Equations of state (EOS) have been used to calculate the temperature and pressure dependence of the density. For cumene, the EOS is from40. For DPG, the EOS is taken from ref. 43. For PPE, a fit to the Tait equation from PVT data from ref. 44 has been used to obtain the density:

$$\rho (T,P) = \left( {V_0\,{\mathrm{exp}}\left( {\alpha _0T} \right)\left\{ {1 - C\,{\mathrm{ln}}\left[ {1 + \frac{P}{{b_0\,{\mathrm{exp}}( - b_1T)}}} \right]} \right\}} \right)^{ - 1},$$
(5)

where ρ is in g/cm3 and equal to 1/Vsp, the specific volume, P is pressure in MPa and T is temperature in °C. The fitting parameters are V0 = 0.82, α0 = 6.5 · 10−4, C = 9.4 · 10−2, b0 = 286 and b1 = 4.4 · 10−3.
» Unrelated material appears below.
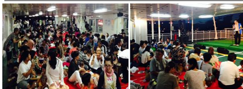
(総勢 556 名の皆様と懇親の様子)

桜島フェリー納涼観光船にて、鹿児島県交通被災者 40 名 鹿児島大学教育学部付属特別支援学校生徒 80 名を招待し「明日へ繋ごう青少年とのタベ」納涼会を開催した。スポーツ少年団の子供達や保護者など 総勢 556 名の皆様とクラブ会員は対応と接待に楽しいひとときを過ごした。薩摩剣士隼人(ポケモン)のキャラクターと RODDY の音楽ショーは子供たちも大喜びでアトラクションを楽しんでいた。また船上にて チャリティー益金の贈呈式を行いチケット購入いただいた皆様と共に支援の輪を広げ 多くの賛同を得ることが出来た。「夏休みの楽しい思い出になりました。」と、ご招待した団体の皆様にも大変喜んでいただいた。今後とも青少年健全育成支援に力を入れ進めていきたいと思う。 (8月21日)

For all three samples, the density changes are in the percent range in the temperature–pressure range of this study. The PVT data and EOS are only used for scaling on the energy axis of the data, where the reduced energy units contain the cubic root of the density. Hence, the scaling is in practice mainly with temperature, and the use of EOS therefore does not alter the overall conclusion.

Data availability

The data presented in this paper can be obtained from the “Glass and Time” data repository at glass.ruc.dk/data.